Deploy now, optimize later
James Chen, CTO at Wonder—a food delivery and takeout company—recently shared how their AI efforts are surprisingly affordable when you look at the per-order cost. Right now, every meal order includes just 2 to 3 cents worth of AI processing, going up to an expected 5 to 8 cents soon. That’s not what’s breaking the bank.
But Wonder’s real challenge? Running into cloud capacity issues faster than expected.
“The assumption was we’d have unlimited capacity,” said Chen, but the demand told a different story. About six months ago, they started getting nudges from their cloud provider suggesting it was time to expand to another region. Not because of cost—because they were running out of compute and storage.
What does that tell us? In today’s AI landscape, companies are bumping up against infrastructure ceilings before they max out their budgets.
Photo by Martin Hertz on Unsplash
Small models, big dreams
Wonder isn’t just snapping together off-the-shelf tools either. They’ve built custom AI models to personalize restaurant recommendations and logistics tracking. Long-term, they want to move toward micro-models—one tiny, hyper-personalized agent per customer. Think AI concierges based on your order history and browsing.
But there’s a catch: right now, it’s just too expensive to spin up that kind of individualized model for every user.
So, for now, they’re sticking to broader—but still efficient—large models. And to keep things running smoothly, Wonder gives its developers and data scientists lots of freedom—to try new tools, test big ideas, and occasionally blow a budget or two.
They manage that with regular internal cost reviews. But as Chen puts it, predicting budgets in a token-based system is “definitely art versus science.”
One surprising cost driver? The repeated context sent to large language models in every request. “Over 50%, up to 80% of your costs is just resending the same information,” said Chen. So they’re working on smarter ways to manage that.
Recursion’s ‘vindication moment’
Over in biotech, Recursion has taken a different path. Ben Mabey, the company’s CTO, explained that when they first started building their AI infrastructure back in 2017, the cloud just wasn’t ready.
So they went on-prem—building their own cluster using gaming GPUs like Nvidia’s 1080s. They’ve since scaled up to more powerful hardware like H100s and A100s, running massive training jobs while mixing cloud compute for smaller, short-term workloads.

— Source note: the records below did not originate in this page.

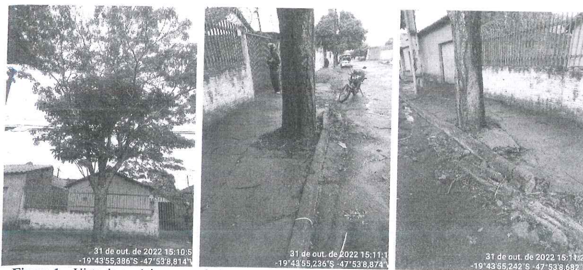
Figura 1 – Vista do espécime, com destaque para as raízes expostas e danos na calçada.

No momento da vistoria, foi possível verificar que o espécime, de grande porte, apresenta raízes expostas e elevação da calçada, comprometendo a acessibilidade e a estrutura do muro do imóvel. Além disso, possui ramos epicórmicos que se caracterizam pela fraca ligação com o tronco, constituindo fator de risco. Vale ressaltar também o conflito com a rede elétrica.
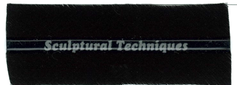
4 mm Dome with LOGO 4mmドーム ロゴ入

*Base material is #800 Decine bias tape. (Size : 22mm / Col : 828)
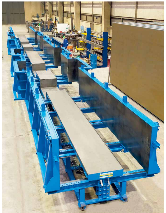
该模具根据 Consultecna 的需要进行个性化设计

Consultecna 能够提供从基础的构件直至外立面以及外立面不同表面的结构解决方案，现在其正在通过自动化生产带有长为 285 米，高和宽长达 100 厘米托梁的支柱来推进其生产。这是一种高度灵活的模具，使用它可以制作最小截面为 30x30 厘米、最大截面为 100x100 厘米、间距为 10 厘米的立柱。所涉及的具体项目是为飞行员建造一个培训中心，这些飞行员不仅仅包括意大利人，还是一个相当重要的项目。

And that early decision paid off.
At one point, when Recursion asked cloud providers for more capacity, the answer was, “Maybe in a year.” Building it themselves turned out to be the faster, cheaper solution.

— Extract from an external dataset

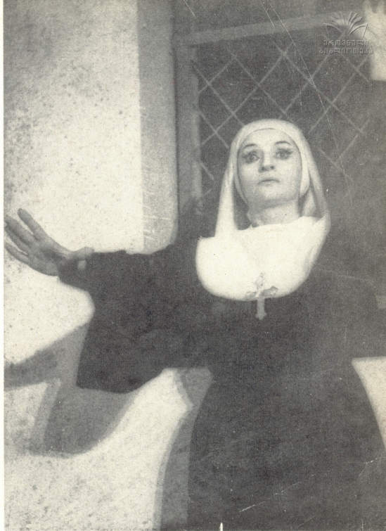
ვირჯინია — „გალილეო გალილეი“.

Photo by Anatolii Bazarov on Unsplash
On-prem vs cloud: When and why it matters
Recursion runs training for its massive image repository (think petabytes of biological data) on premises because that’s more efficient for connected, multi-node workloads. Smaller inference jobs? Those go to the cloud.

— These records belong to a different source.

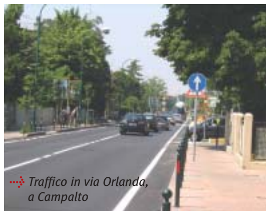
Traffico in via Orlanda, a Campalto

debba interagire con le altre municipalità, il Comune, la Provincia e l'ACTV, per elaborare un progetto coordinato riguardante mobilità, viabilità e trasporto pubblico, nell'ambi-
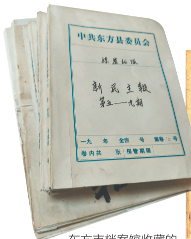
东方市档案馆藏的《新民主报》。
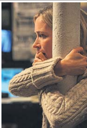
El filme usa el silencio como pilar para el terror.

Convertida en un fenómeno en EE UU, esta película ya es
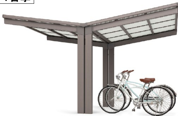
Y合掌 単独タイプ 28型(オータムブラウン・屋根材=アルミ樹脂複合板)
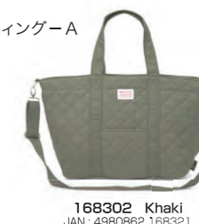
168302 Khaki JAN: 4980862 168321
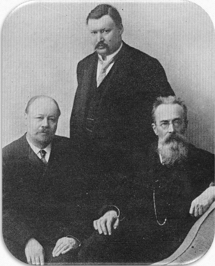
К. Лядов, А. Глазунов, Н. Римский-Корсаков.

В 1900-х Римский-Корсаков создал еще несколько опер — «Кашей Бессмертный», «Сервилия», «Сказание о невидимом граде Китеже и деде Февронии». В эти же годы его учеником стал композитор Игорь Стравинский, который позднее писал: «В моем музыкальном образовании есть одно большое преимущество — я занимался с Римским-Корсаковым. Он был совершенно замечательным педагогом, чрезвычайно внимательным и обстоятельным, мудрым и остроумным».
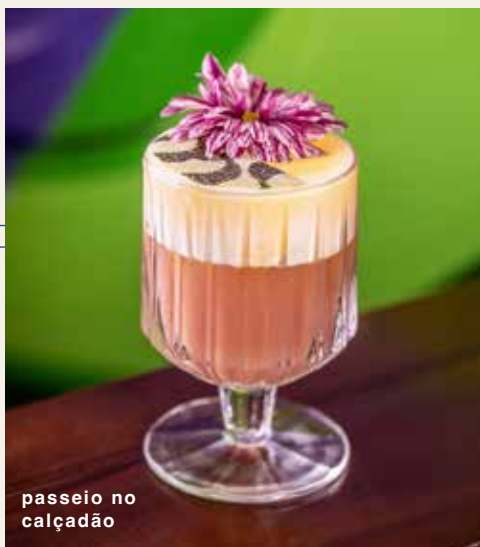
passaio no calçadão

Their hybrid approach isn’t just about performance—it’s also about saving money. Moving big training workloads on-prem, Mabey said, is conservatively “10 times cheaper.” Over five years, that could mean cutting total cost in half.
But even with savings on the table, Mabey points out something deeper: companies that hesitate to invest in compute end up paying more in the long run—both in money and innovation.
“If teams are scared of cloud bills, they use less compute. And that limits experimentation,” he said.
So what’s the takeaway?
The AI conversation is shifting. For companies deploying at scale, it’s not about whether they can afford AI. It’s about whether they can move fast enough.
- Wonder learned the hard way that cloud capacity isn’t limitless.
- Recursion proved that early investment in infrastructure can pay off—big.
- Both companies are prioritizing flexibility, experimentation, and speed over micromanaging costs.
In the world of ambitious AI, the real bottleneck isn’t your cloud bill. It’s how bold you’re willing to be.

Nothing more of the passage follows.